Hi everyone, 

   As promised on the call today, below is the specification I wrote up for the weighting software we need. This version has been updated to discuss the physics, so that it now says what to do, in addition to saying how to do it. Please let me know if anything is incorrect or unclear!

   Chris



# LeptonWeighter Design and Specifications

## Purpose and Goals

   LeptonInjector is designed to produce neutrino interaction final states in the vicinity of the detector. This is intended to decouple per-event simulation (particularly including computationally-expensive light propagation) from the simulation of neutrino propagation through the Earth. However, since LeptonInjector does not address such propagation, we need a suitable way to wire it up with another tool which does so that physics users can easily produce observational expectations. The boils down to computing a weight for each generated event according to a model of the neutrino flux arriving at the detector, produced by some other code. 
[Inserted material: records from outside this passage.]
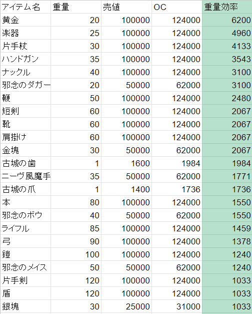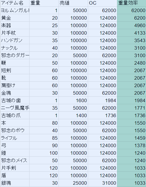 時間効率の話もあるので重量効率は参考値ですねあとヨルムンガルドの花入れ忘れた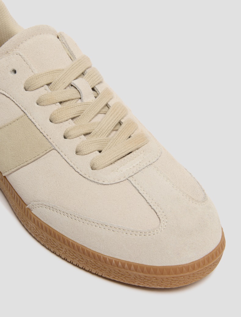 .Design pulito e stile assoluto: queste sneakers in pelle scamosciata saranno perfette con i look informali, ma anche con il completo sartoriale in ufficio.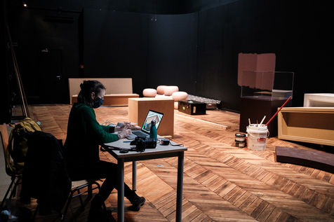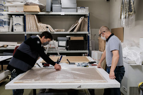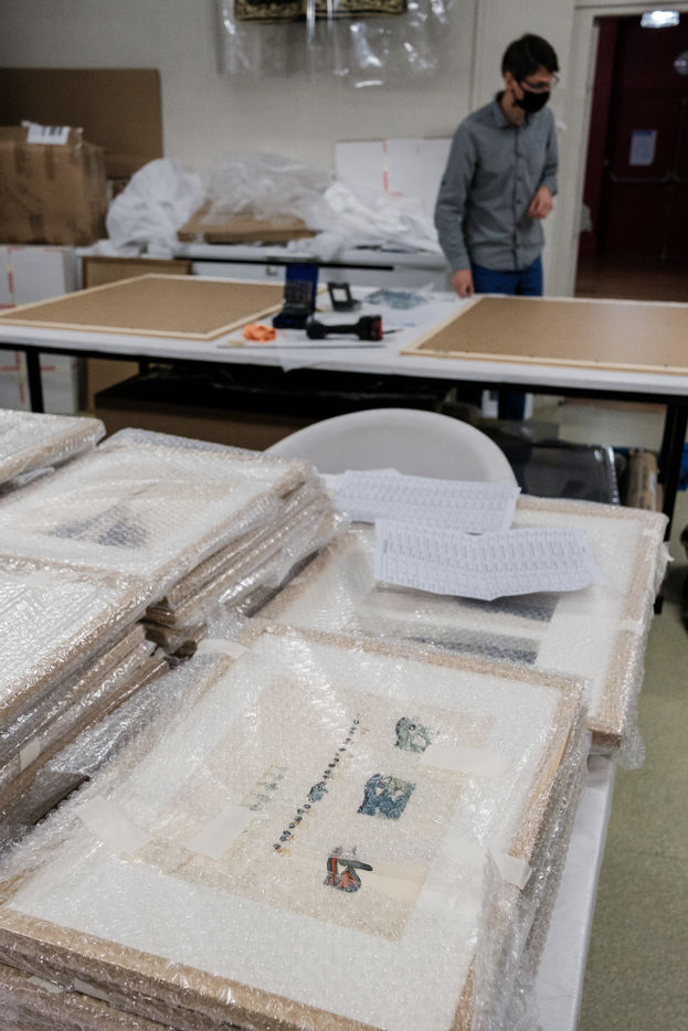 For the time being, the teams are busy putting the works in frames, designing the room's scenography and setting up the elements of the visit.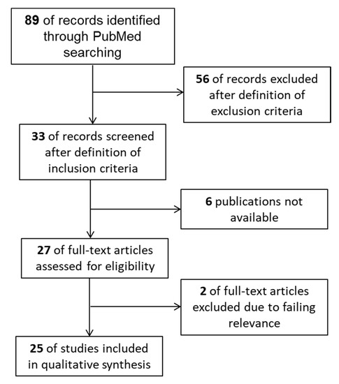 The PRISMA Statement was utilized as a reporting item [53] and a literature search of MEDLINE (PubMed) was carried out using a defined strategy (Section 4: Material and Methods). A search of the latest literature comprising the time period 1988–2020 resulted in 89 publications. After the application of distinct inclusion criteria, 56 of the records were excluded. Then, 33 of the records were screened for further relevance. Six papers out of 33 were not available. For the remaining 27 items, full-text articles were assessed. Two further full-text articles were excluded due to lacking relevance to NK cells and NKT cells and/or periodontitis. Finally, 25 of the studies were identified for qualitative analysis (Figure 1).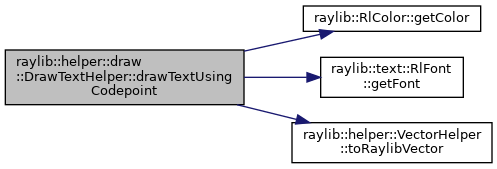 | static void | drawTextUsingCodepoint (const raylib::text::RlFont &font, const int &codepoint, const Vector2f &position, float fontSize, const RlColor &tint) |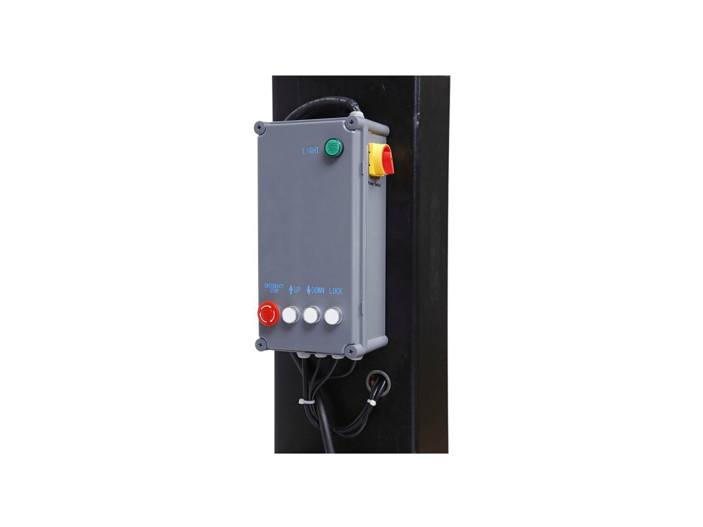 Ovládací panel pozostáva len z troch tlačidiel: zdvíhanie, spúšťanie do zámkov, spúšťanie na zem.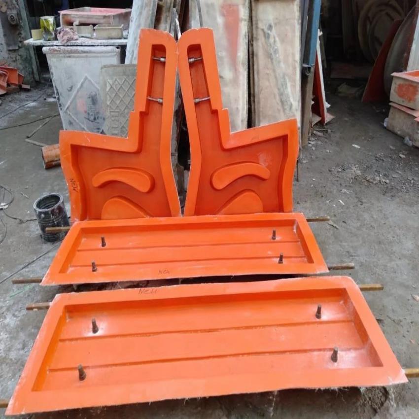 Red, color-coated FRP garden bench mould. Rectangular shape, 5 feet in size. Requires a minimum order of 3 sets. Made in India.
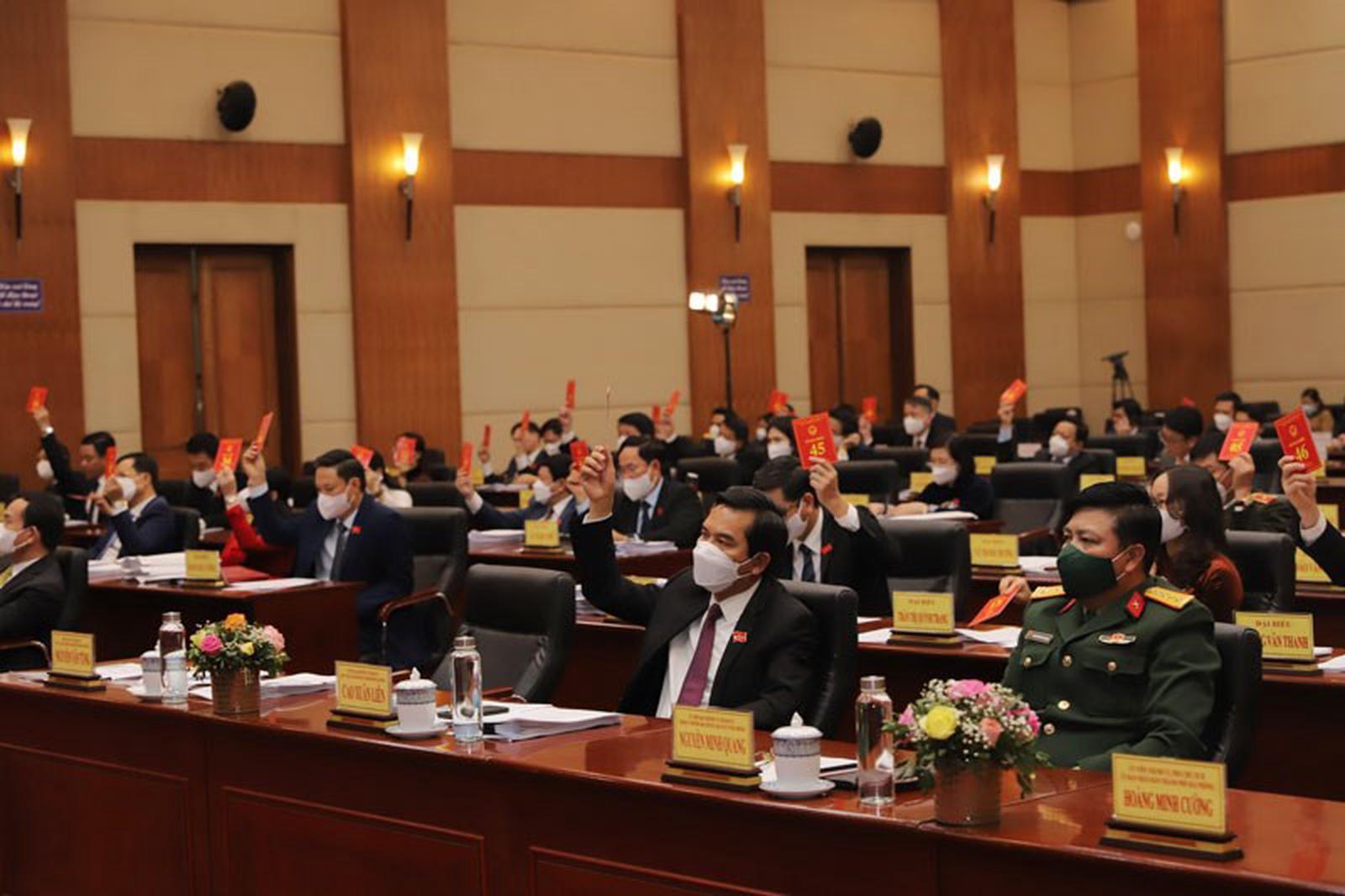 Các đị biểu biểu quyết tại Kỳ họp thứ 4, HĐND thành phố khóa VI. Ảnh: Kim Thành

   There are multiple (or at least two) software packages suitable for producing propagated fluxes (neutrino-generator and nuSQuIDS), so we want to provide users with a simpler interface which can use either internally. The resulting interface should be simple for users to deal with, i.e. not much more complex than neutrinoflux or NewNuFlux. 

## Tentative Requirements

### Building
   - Various users would like to invoke this weighting code from their analysis code, and would like to do so without having to link against IceTray and its potentially large collection of dependencies. This project should be able to be built either within the IceTray build system (for users who consider it convenient to build everything in one bundle and were planning to link against IceTray anyway) or as a stand-alone library. This could be accomplished either by providing both an IceTray-compatible CMakeLists and a separate makefile for the stand-alone build, or with a sufficiently clever CMakeLists which uses IceTray infrastructure only if it is available. 

### Backends

   - Both nuSQuIDS and neutrino-generator should be supported as backends
   - Neither backend should be a hard dependency if it requires using outside code. In particular, nuSQuIDS requires a C++11 compiler which some users are still not able to get conveniently. Therefore, if this library is not available when the project is configured, it should simply not be used. It may not be necessary to actually link against neutrino-generator (since its output will need to be summarized anyway), so the same handling may not be necessary in that case.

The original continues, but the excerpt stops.